*** Opening of WORKING DATA ***

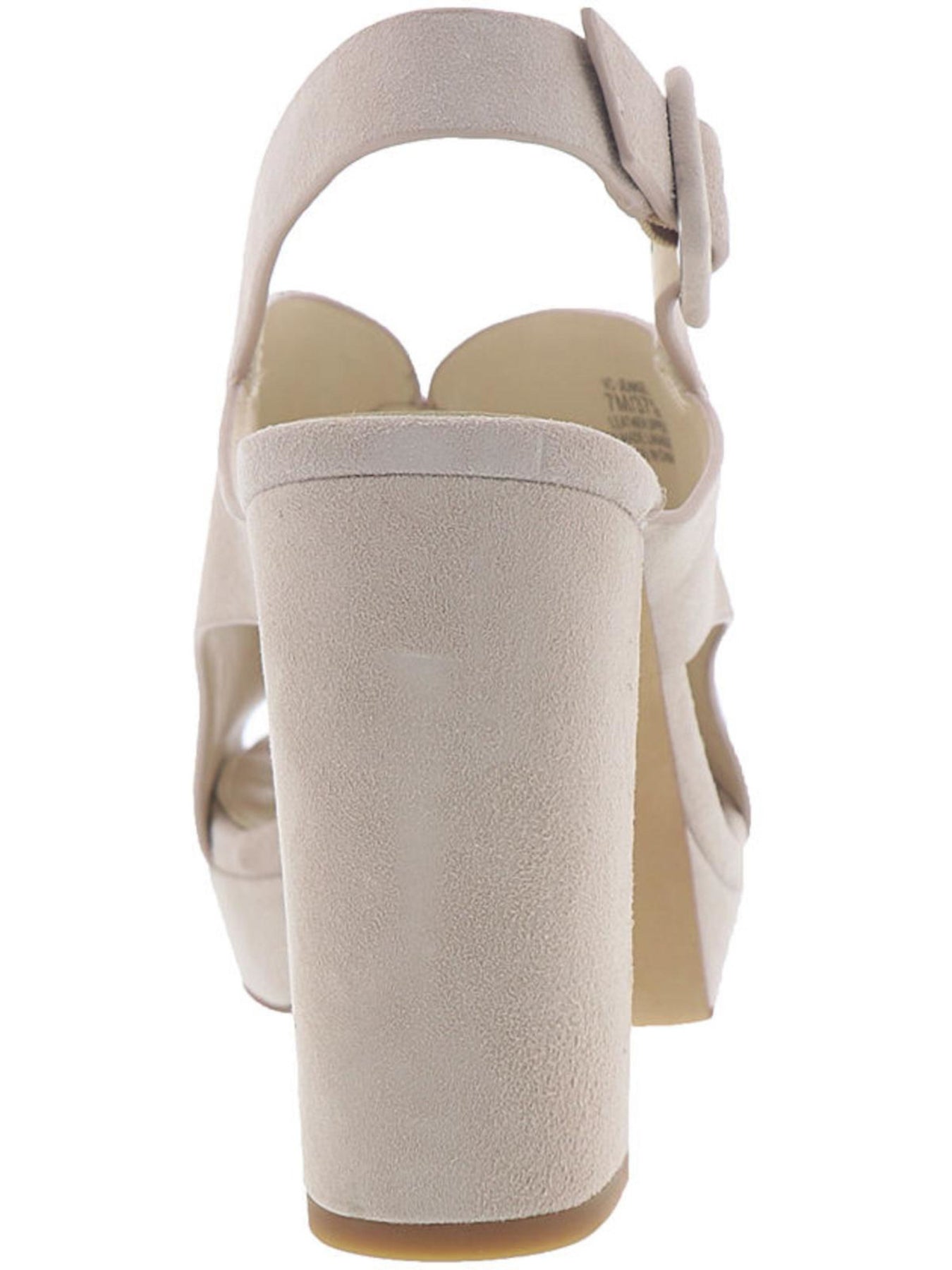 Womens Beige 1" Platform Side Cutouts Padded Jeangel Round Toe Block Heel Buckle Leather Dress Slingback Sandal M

*** Close of WORKING DATA ***
*** Opening of WORKING DATA ***

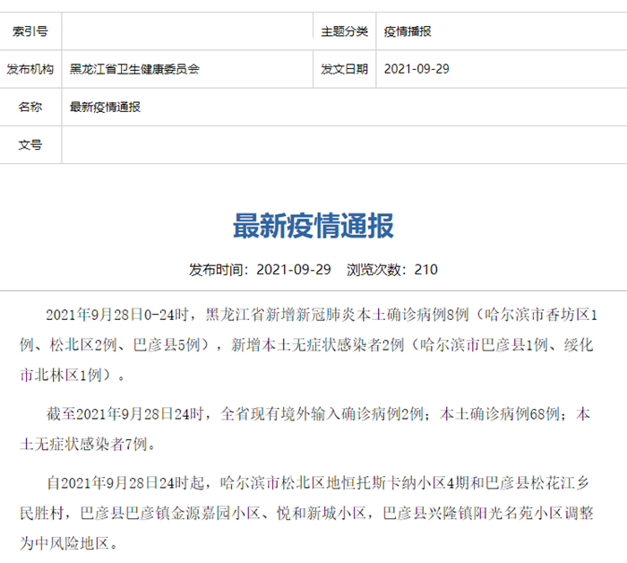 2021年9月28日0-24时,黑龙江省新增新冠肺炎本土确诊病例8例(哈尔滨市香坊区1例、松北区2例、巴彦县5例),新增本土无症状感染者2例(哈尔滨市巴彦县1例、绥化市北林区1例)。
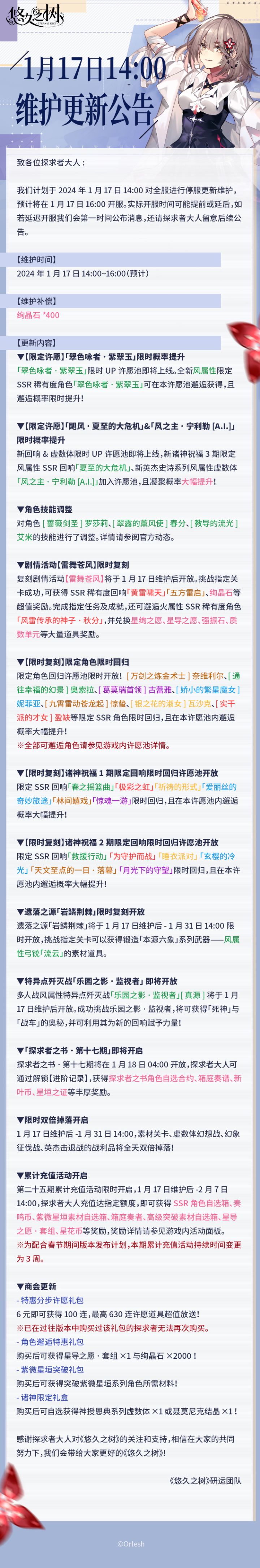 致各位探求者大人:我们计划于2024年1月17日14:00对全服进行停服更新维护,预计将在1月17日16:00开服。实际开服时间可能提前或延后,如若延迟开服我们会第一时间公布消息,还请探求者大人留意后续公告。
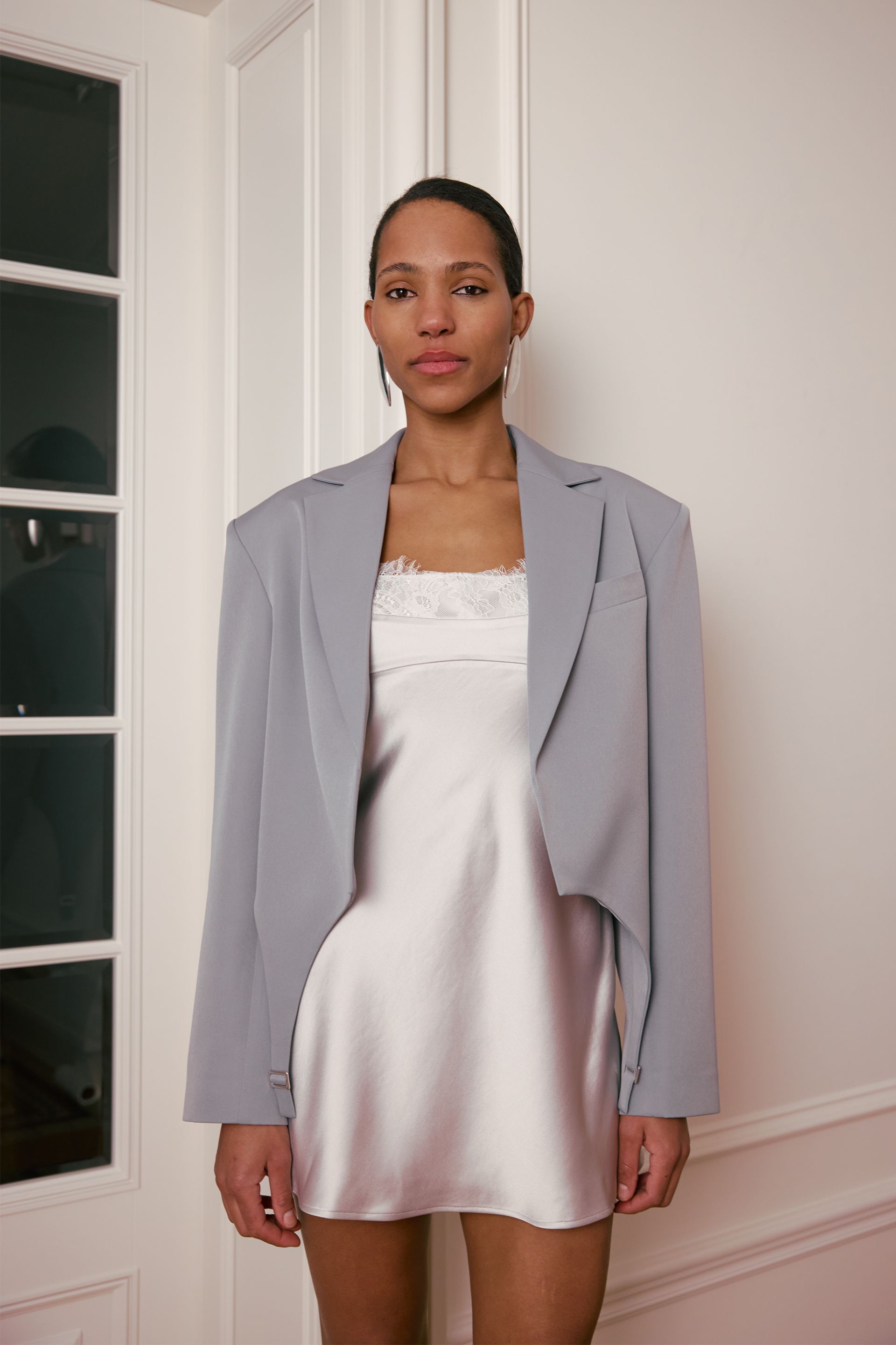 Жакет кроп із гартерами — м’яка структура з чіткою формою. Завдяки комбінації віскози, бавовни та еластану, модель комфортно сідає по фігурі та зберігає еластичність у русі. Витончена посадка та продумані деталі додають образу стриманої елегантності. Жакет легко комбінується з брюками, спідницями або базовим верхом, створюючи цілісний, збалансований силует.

*** Close of WORKING DATA ***

EXERCISE DESCRIPTION ->
Look above for the line with "致各位探求者大人:我们计划于", then give again exactly every line from there through the line with "Жакет кроп із", skipping the pictures.

ANSWER TO THIS PROBLEM ->
 致各位探求者大人:我们计划于2024年1月17日14:00对全服进行停服更新维护,预计将在1月17日16:00开服。实际开服时间可能提前或延后,如若延迟开服我们会第一时间公布消息,还请探求者大人留意后续公告。
 Жакет кроп із гартерами — м’яка структура з чіткою формою. Завдяки комбінації віскози, бавовни та еластану, модель комфортно сідає по фігурі та зберігає еластичність у русі. Витончена посадка та продумані деталі додають образу стриманої елегантності. Жакет легко комбінується з брюками, спідницями або базовим верхом, створюючи цілісний, збалансований силует.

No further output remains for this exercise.